FIG. 4 is a SDS-PAGE analysis graph of the purification after expression of nanobody specific to MMP9 protein in example 4 of the present invention;

FIG. 5 shows the result of preliminary antigen affinity identification of the nanobody after obtaining the purified nanobody in example 9 of the present invention;

FIG. 6 is a diagram showing the multiple cloning sites of the fusion antibody expression vector in example 10 of the present invention.

Detailed Description

Embodiments of the present invention will be described in detail below with reference to examples, but it will be understood by those skilled in the art that the following examples are only illustrative of the present invention and should not be construed as limiting the scope of the present invention. The examples, in which specific conditions are not specified, were conducted under conventional conditions or conditions recommended by the manufacturer.

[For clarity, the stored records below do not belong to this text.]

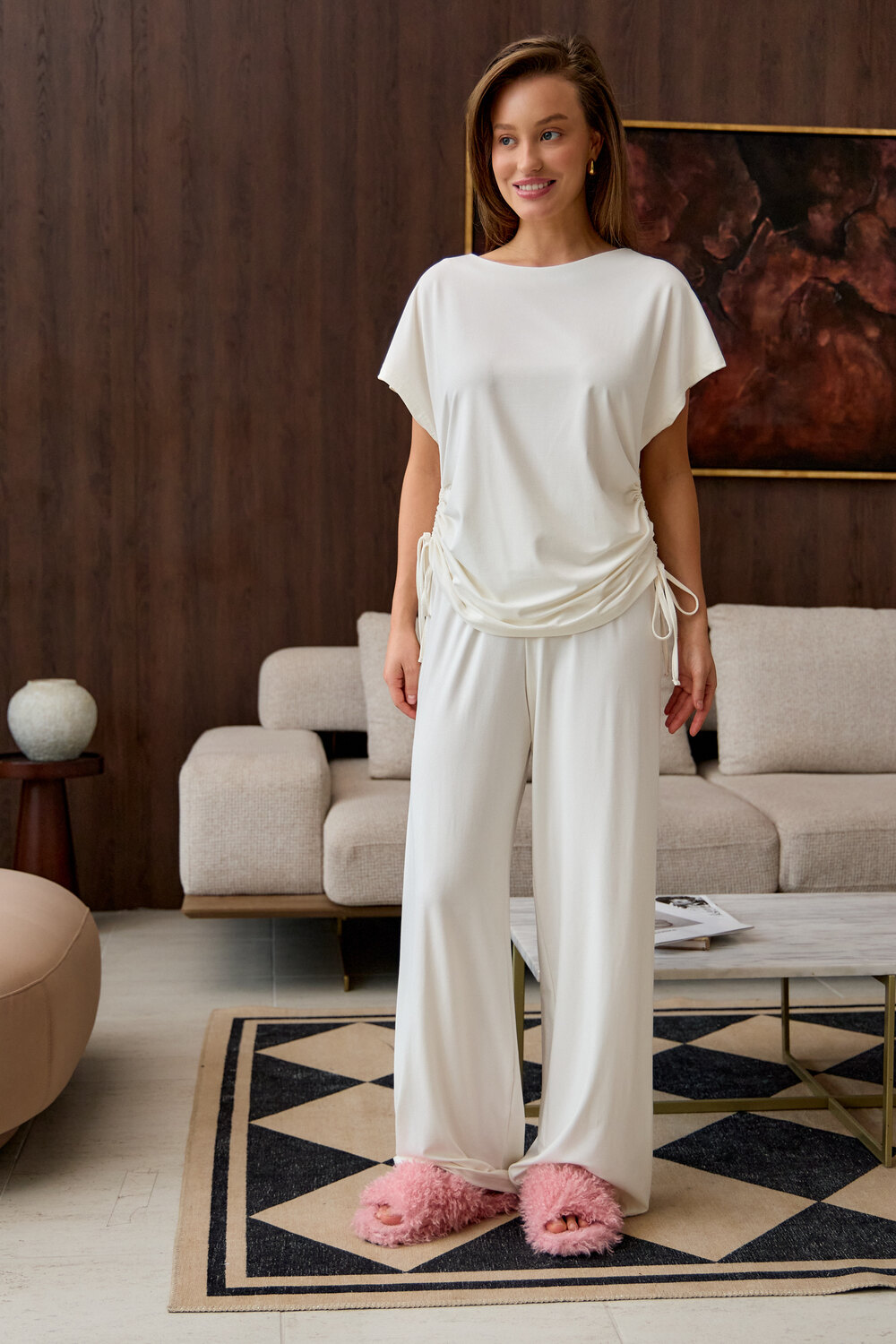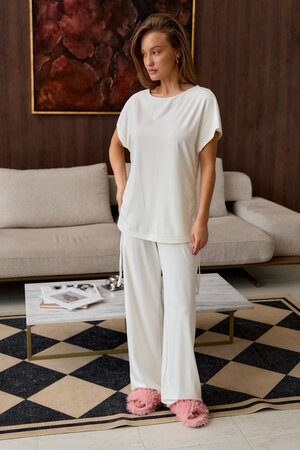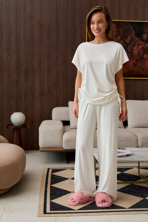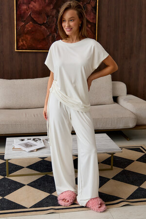 Представляем вам стильный комплект домашней пижамы женской, который станет незаменимым в вашем гардеробе. Этот костюм включает в себя футболку с завязками и с брюками палаццо, выполненный из премиальной вискозы, что обеспечивает невероятный комфорт и приятные ощущения на коже.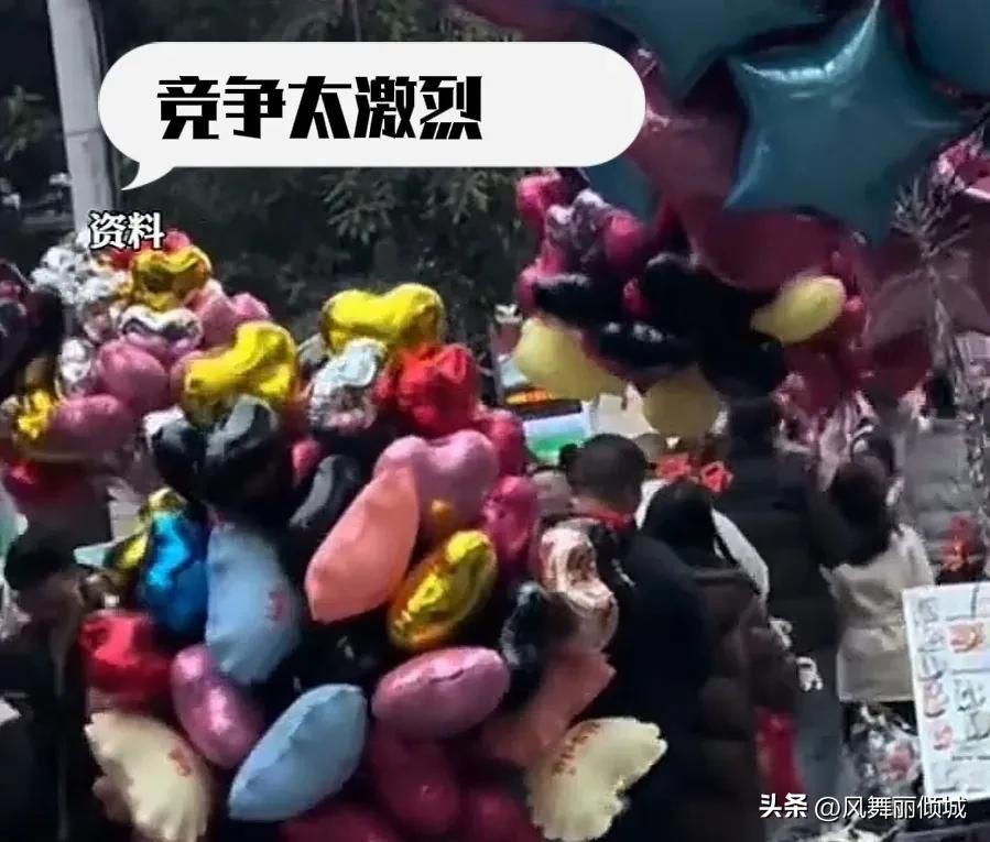 于是,他在寒风中抱着气球,挑了个“人流量最大”的地方开始营业。然而,现实总是比理想更寒冷。五颜六色的气球在冬夜的风中摇曳,却没能摇动路人的钱包。甚至连情侣们的目光都没分到几分。更扎心的是,有人还跑来问:“气球咋卖?哦,不买,就随便问问。”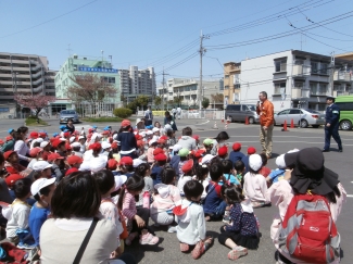 その最終日の今日は、近くの保育園総勢200名弱の子供たちに集まってもらい交通安全教室を実施いたしました。

Unless otherwise defined, technical and scientific terms used herein have the same meaning as is familiar to those skilled in the art. In addition, any methods or materials similar or equivalent to those described herein can also be used in the present invention.

The invention is further illustrated by the following specific examples, which, however, are to be construed as merely illustrative, and not limitative of the remainder of the disclosure in any way whatsoever.